Langsung ke konten utama

Peraturan Bupati Jembrana Nomor 7 Tahun 2021 tentang Perubahan Pengalokasian dan Penggunaan Alokasi Dana Desa

Perubahan pengalokasian dan penggunaan alokasi dana desa merujuk pada proses perubahan dalam alokasi dan penggunaan dana yang diberikan kepada desa oleh pemerintah. Alokasi dana desa biasanya berasal dari Anggaran Pendapatan dan Belanja Negara (APBN) dan Anggaran Pendapatan dan Belanja Daerah (APBD) yang disediakan oleh pemerintah pusat dan pemerintah daerah, serta sumber-sumber lain yang sah sesuai peraturan yang berlaku. Perubahan ini dapat terjadi karena berbagai alasan, seperti perubahan prioritas pembangunan, kebutuhan mendesak, atau kebijakan perubahan dana.

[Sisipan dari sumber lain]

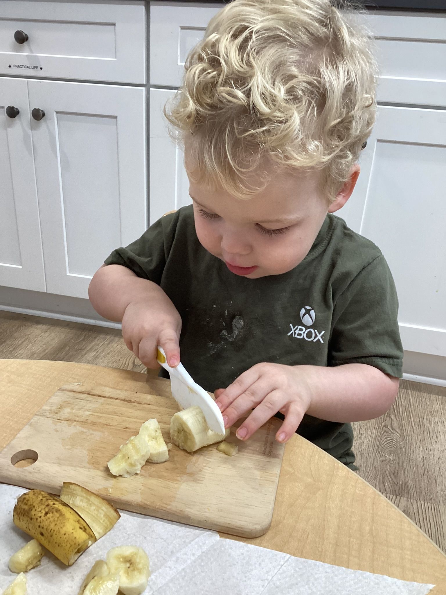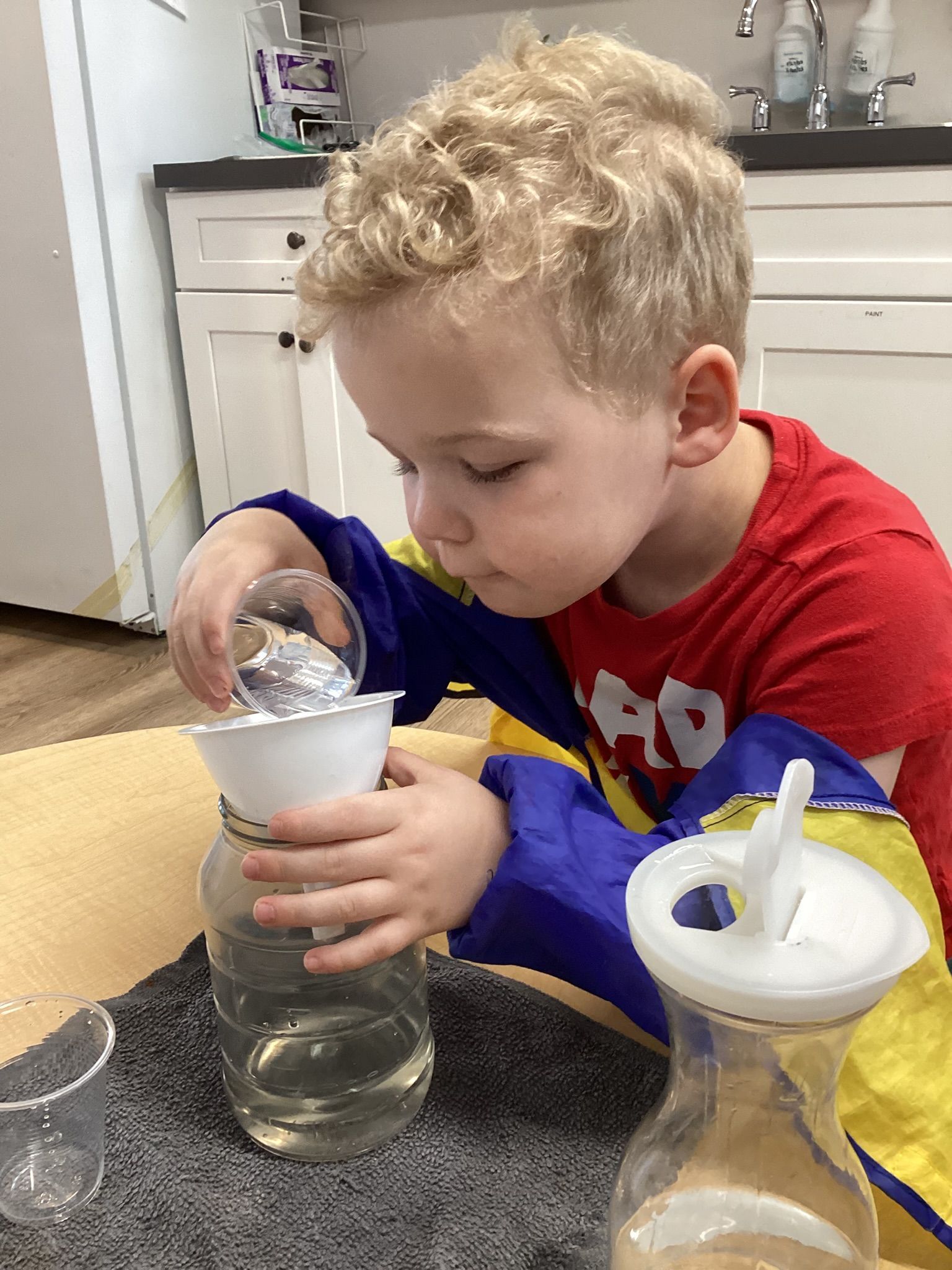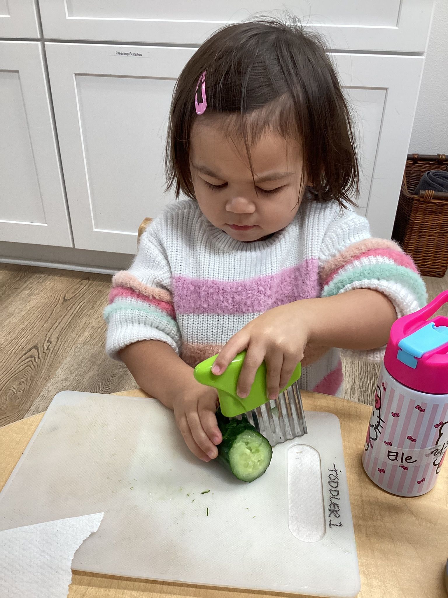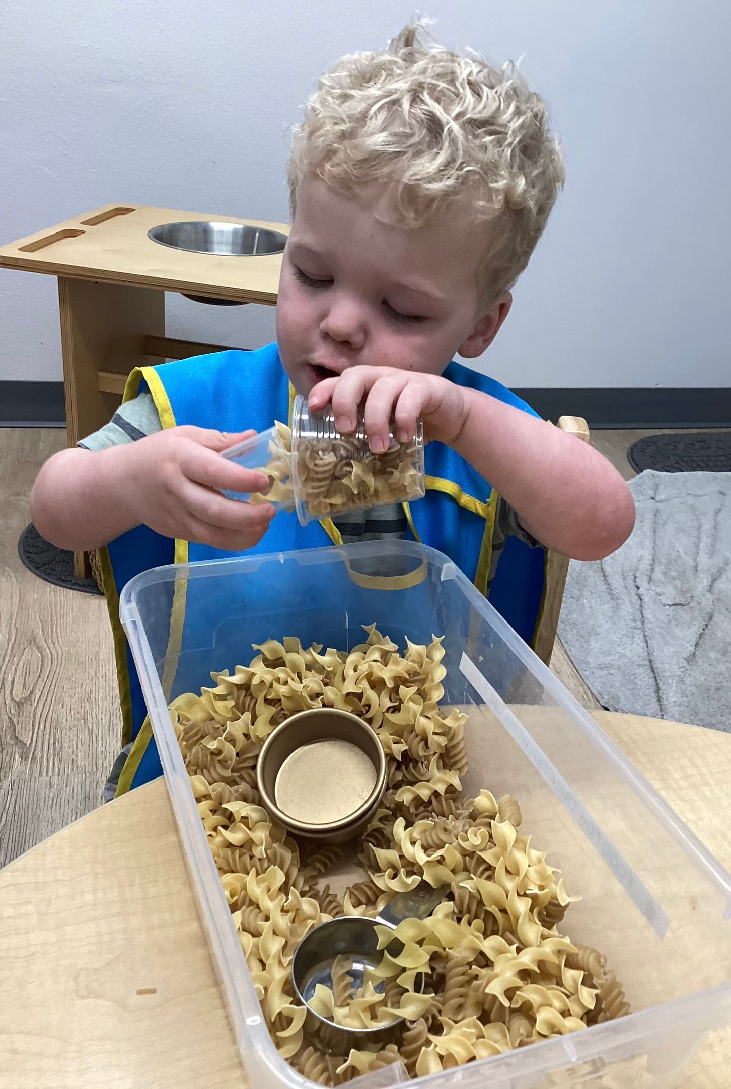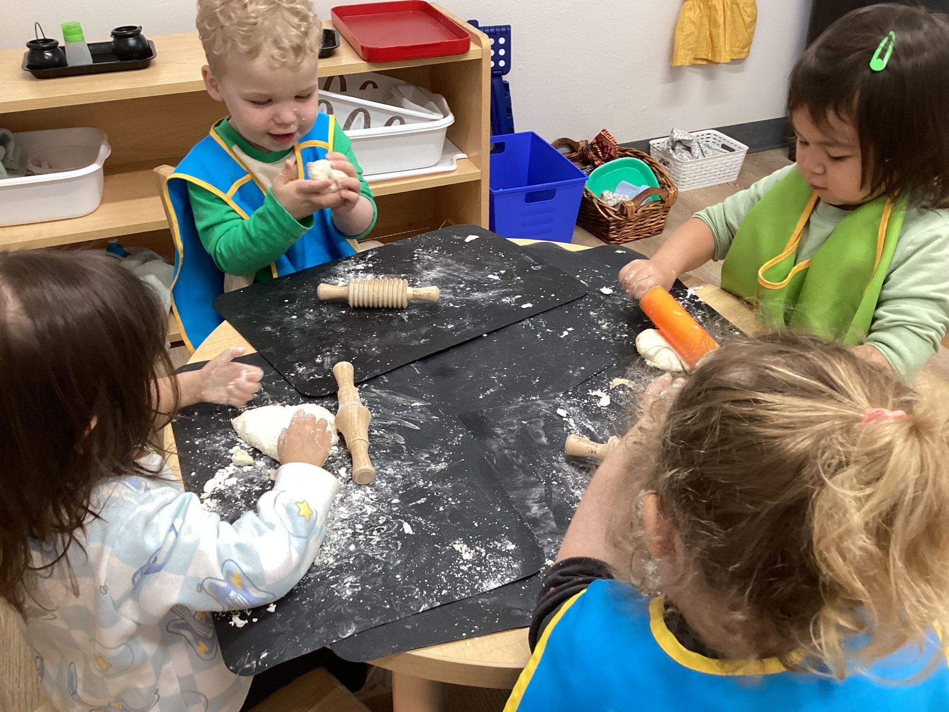 January was filled with learning all about Snow and Cold. Reinforcing this subject area, our toddlers were outside folding in all the ingredients to make our own white “Snow!”

Perubahan pengalokasian dan penggunaan alokasi dana desa dapat meliputi:

  1. Perubahan Prioritas Pembangunan: Terkadang, pemerintah pusat atau daerah dapat mengubah prioritas pembangunan yang memengaruhi alokasi dana desa. Ini bisa terjadi sebagai respons terhadap perubahan kebutuhan sosial, ekonomi, atau lingkungan yang mungkin timbul sepanjang tahun anggaran.
  2. Kejadian Darurat: Ketika terjadi kejadian darurat seperti bencana alam, wabah penyakit, atau peristiwa mendesak lainnya, alokasi dana desa dapat diubah untuk mendukung upaya penanganan dan pemulihan. Dana yang semula dialokasikan untuk proyek tertentu mungkin harus dialihkan untuk situasi darurat.
  3. Konsultasi dengan Pemerintah Desa: Proses perubahan alokasi dana desa biasanya melibatkan konsultasi dan koordinasi antara pemerintah desa, pemerintah kabupaten atau kota, dan pemerintah provinsi. Pemerintah desa harus memberikan masukan dan proposal perubahan berdasarkan kebutuhan dan prioritas lokal.
  4. Perubahan Anggaran: Perubahan dalam anggaran desa dapat mencakup penambahan atau pemotongan dana dari sektor-sektor tertentu. Hal ini bisa terjadi jika ada perubahan dalam sumber-sumber pendanaan atau kebijakan fiskal yang berdampak pada alokasi dana desa.
  5. Pengawasan dan Akuntabilitas: Perubahan pengalokasian dan penggunaan alokasi dana desa harus dilakukan secara transparan dan akuntabel. Pemerintah desa wajib melaporkan perubahan tersebut kepada masyarakat desa dan instansi terkait sesuai dengan peraturan yang berlaku.
  6. Asas Kepentingan Umum: Perubahan pengalokasian dana desa harus dilakukan dengan memperhatikan asas kepentingan umum dan keadilan sosial. Keputusan perubahan ini harus menguntungkan masyarakat desa secara keseluruhan dan memprioritaskan proyek-proyek yang memberikan manfaat nyata bagi penduduk desa.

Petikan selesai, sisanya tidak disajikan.